Monday, May 21, 2012

Potato Salad with onions and celery

Red onions can be used in so many dishes. I love them and my kids have started to appeciate their tangy taste in all kinds of salads and dips. Here's a delicious potato salad recipe with my favorite ingredients: red onions and celery.


Ingredients:
900 gr small Yukon Gold potatoes, peeled and quartered
2 ribs celery, minced
½ medium red onion, minced
½ cup mayonnaise
2 tbsp. dill pickle relish
2 tbsp. finely chopped parsley
1 tbsp. yellow mustard
1 tsp. kosher salt
Freshly ground black pepper, to taste
2 hard-boiled eggs, chopped

Preparation:
1.) Put potatoes in a pot and cover with salted water. Bring to a boil over high heat; cook until just tender, about 12 minutes.
2.) Drain and transfer to a large bowl along with celery and onions.
3.) In a small bowl, whisk together mayonnaise, relish, parsley, mustard, salt, and pepper.
4.) Add to potatoes along with eggs (optional) and toss. Chill.

Friday, May 11, 2012

Zesty Lemon bars

Lemon bars are fast and easy to make.
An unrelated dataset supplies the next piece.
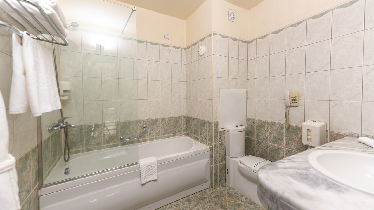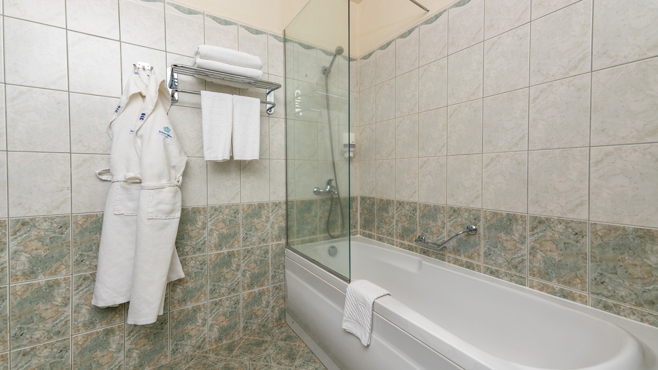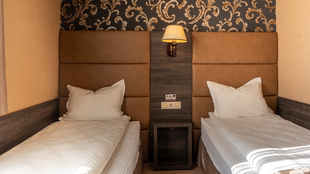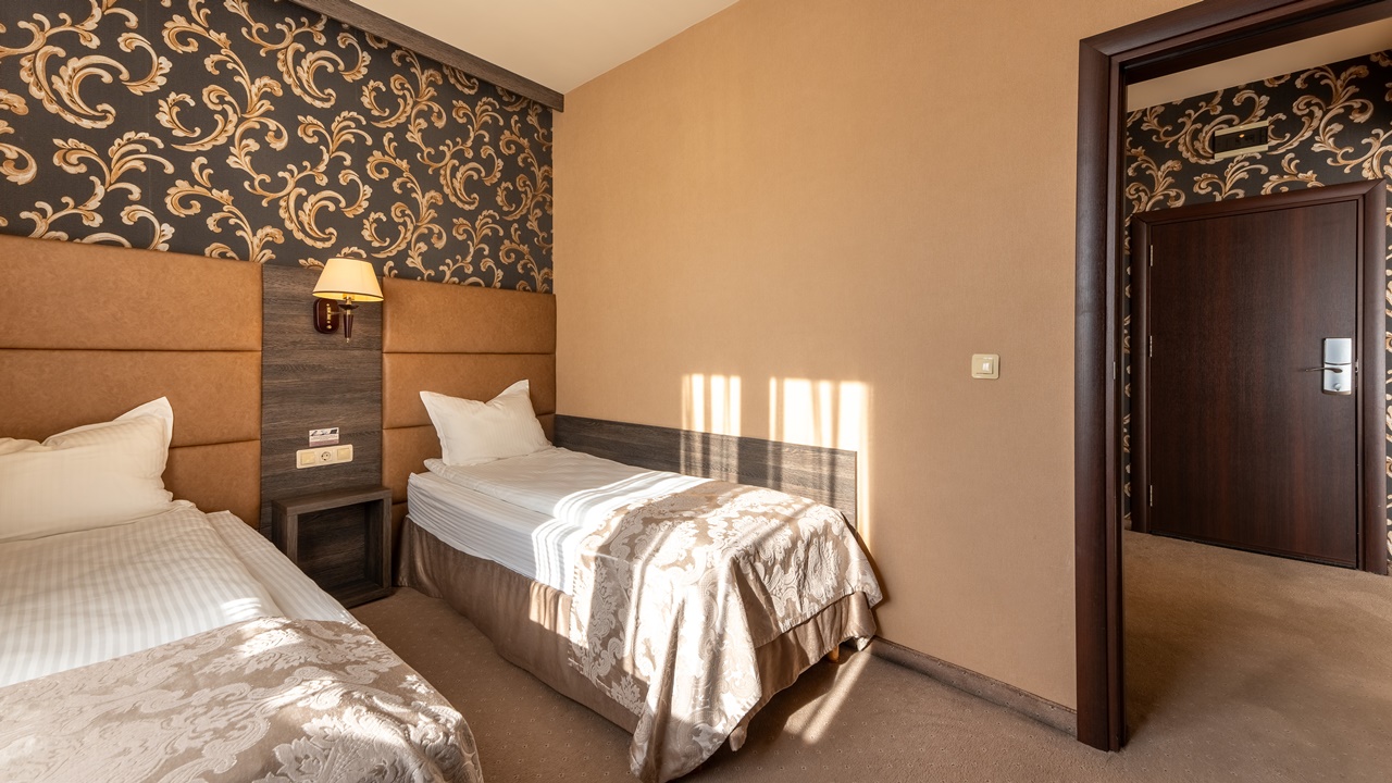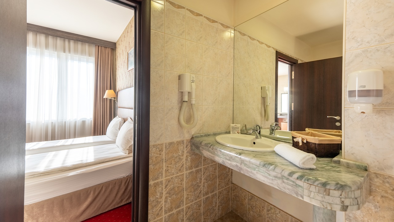 - Единична стая - Стаята е с размер 15 кв. м. и разполага с двойно легло, баня с душ, сейф, плоскоекранен телевизор, сешоар и климатик;

A great treat for Spring days when rain alternates with sunshine and zesty takes turns with sweet.

Ingredients:
For the crust:
1/2 pound unsalted butter, at room temperature
1/2 cup granulated sugar
2 cups flour
1/8 teaspoon kosher salt
For the filling:
6 extra-large eggs at room temperature
3 cups granulated sugar
2 tablespoons grated lemon zest (4 to 6 lemons)
1 cup freshly squeezed lemon juice
1 cup flour
Confectioners' sugar, for dusting


Preparation:

Preheat the oven to 180°C.

1.) First, cream the butter and sugar until light in the bowl of an electric mixer for the crust.
2.) Combine the flour and salt and, with the mixer on low, add to the butter until just mixed.
3.) Dump the dough onto a well-floured board and gather into a ball. Flatten the dough with floured hands and press it into a 9 by 13 by 2-inch baking sheet, building up a 1/2-inch edge on all sides. Chill.
4.) Bake the crust for 15 to 20 minutes, until very lightly browned.
5.) Let cool on a wire rack.

Leave the oven on.

6.) For the filling, whisk together the eggs, sugar, lemon zest, lemon juice, and flour.
7.) Pour over the crust and bake for 30 to 35 minutes, until the filling is set.
8.) Let cool to room temperature.

Cut into triangles and dust with confectioners' sugar.